An idempotent function $\mathbb R \to \mathbb R$

Answer to 1.

A continuous function is such that given any sequence $(x_n)$ such that $x_n\to x$, then $f(x_n)\to f(x)$.

First, note that if $f$ takes two values $f(x_1), f(x_2)$, because of the intermediate value theorem, it must take all the values in between. This means that the image is an interval with possibly infinite endpoints.

To see why the interval is closed, suppose that $y$ is a limit point of the image, i.e. there exists a sequence of values $f(x_n)$ wich converges to $y$. The continuity of $f$ implies $f(f(x_n))\to f(y)$, so that $f(x_n)\to f(y)$ by idempotency. Since the limit is unique, this means that $f(y)=y$, so that $y$ is part of the image.

This proves that the image is a closed interval. I think the infinite endpoints must be allowed, take for instance $f$ to be the identity function: then the image is $\mathbb (- \infty,\infty)$.

Answer to 2.

Your result says that at each point $x$, either $$f'(x) = 0 \text{ or } f'(f(x)) = 1. \label{a}\tag{1}$$ Evaluating this last statement at $y = f(x)$ and applying idempotency, we get that either $f'(y) = 0$ or $f'(y) = 1$ at each point $y$ in the image of $f$.

By part 1, we know that the image $I$ must be a closed interval.

If $I$ contains just one point, then $f$ is a constant. Otherwise, we know that $I$ is a proper interval, and $f | _I$ is either a constant or the identity in virtue of Darboux's theorem following Emanuele Paolini's answer (since no other linear functions are idempotent).

We can readily rule out the case where $f|_I$ is a constant. This would imply $f'(f(x)) = 0$ for all $x$ and so, by $\ref{a}$, $f'(x) = 0$ for all $x$ and $I$ reduces to a point.

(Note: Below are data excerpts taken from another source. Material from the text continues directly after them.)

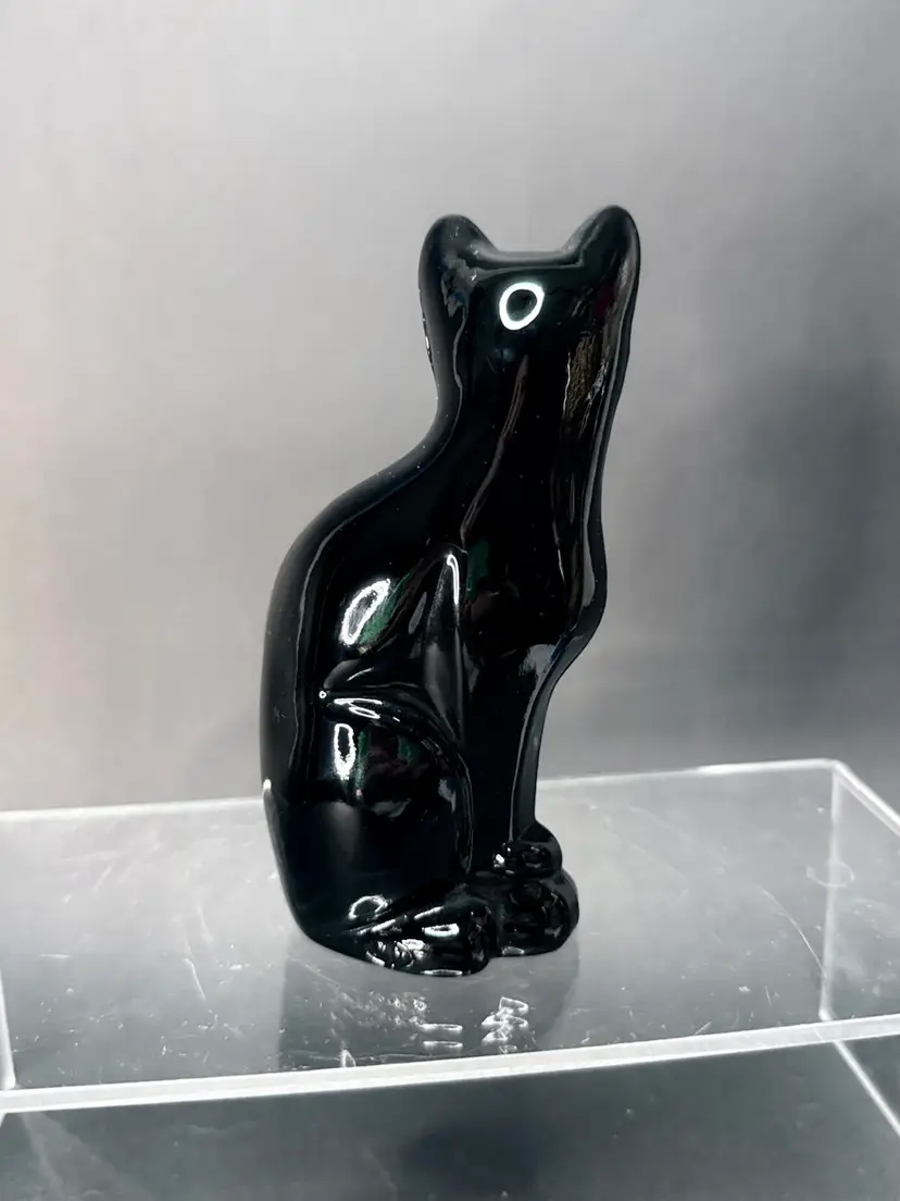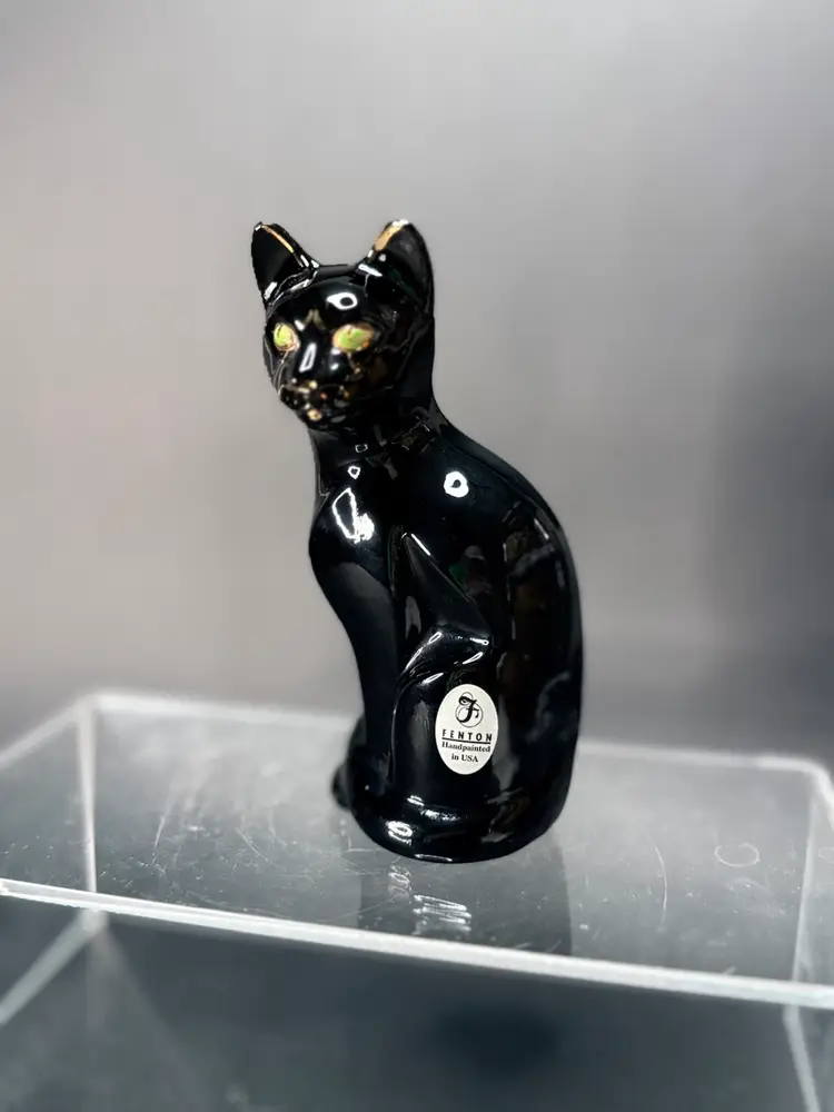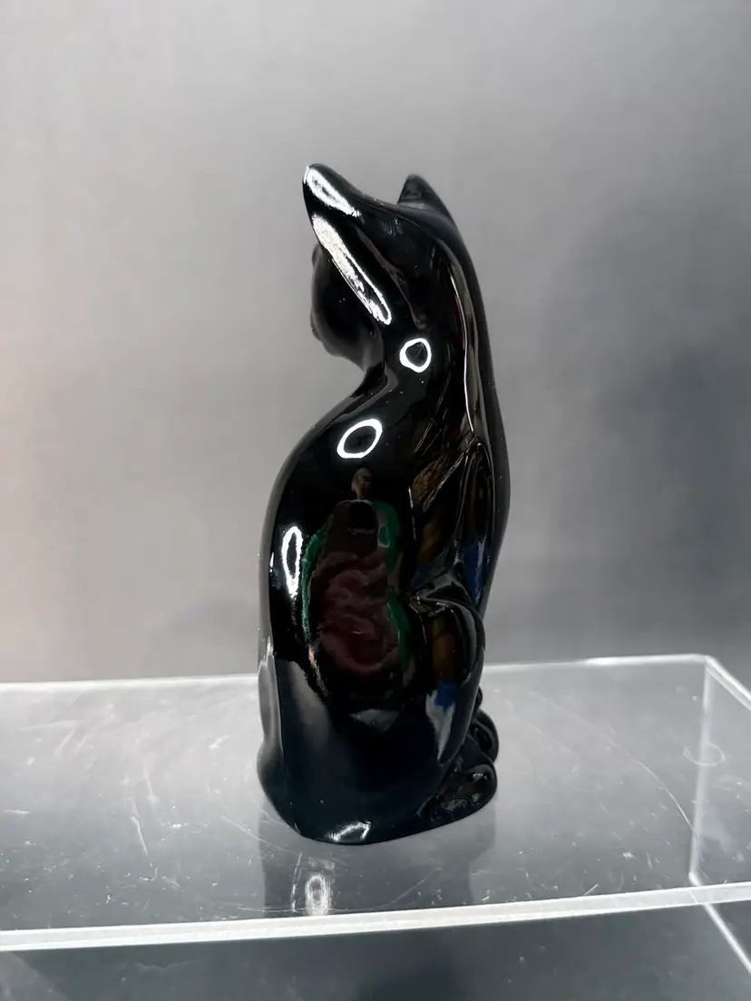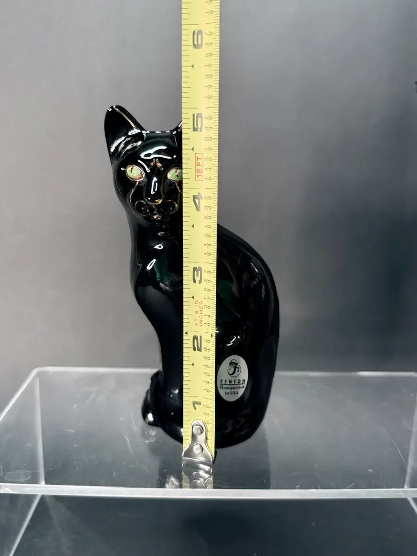 The FENTON Black Panther Leopard Stylized Cat 5065 handpainted figurine is a stunning piece of art glass crafted in the USA by Fenton. This unique figurine features a black panther pattern with a glossy finish, making it a standout decorative item for any home. The handpainted details and signature by J Owens add a personalized touch to this exquisite piece, making it a one-of-a-kind collectible for cat and art glass enthusiasts alike.
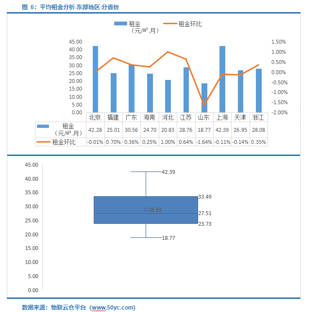 东部省份租金中位值27.51元/㎡·月,平均租金区间范围23.73-33.49元/㎡·月;其中上海平均租金最高为42.39元/㎡·月,山东平均租金最低为18.77元/㎡·月。河北平均租金环比涨幅最大为1.00%,山东平均租金环比跌幅最大为1.64%。
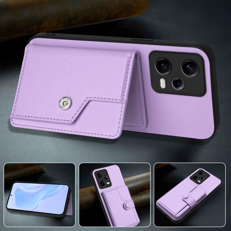 Για Redmi Σημείωση 12 Pro + Παγκόσμια κουμπί κάρτα τσάντα RFID Anti-theft τηλέφωνο υπόθεση (μωβ)
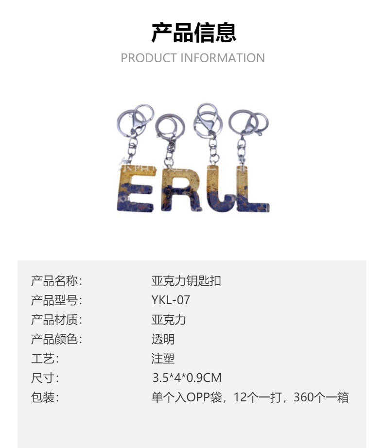 亚克力钥匙扣定做创意可爱立体透明26个字母带亮粉贝壳百搭钥匙扣 投诉

If $f|_I$ is the identity, we will argue that $I = \mathbb R$. Suppose the image of $f$ has an end on the right, $b$. Then $b$ is the maximum value of $f$. Taking the limit from the left as $x \to b$ we find that $f(b) = b$, i.e. it takes its maximum value at $x=b$, which implies $f'(b) = 0$ by the extremum value theorem. However $f'(b) = 1$ taking the limit from the left, a contradiction. The argument is analogous for a lower bound $a$. Thus, $I=\mathbb R$ and $f$ is the identity.

A differentiable function whose derivative is either 0 or 1 has constant derivative, in view of Darboux property: if the derivative has value 0 and 1 then it has also all the intermediate values.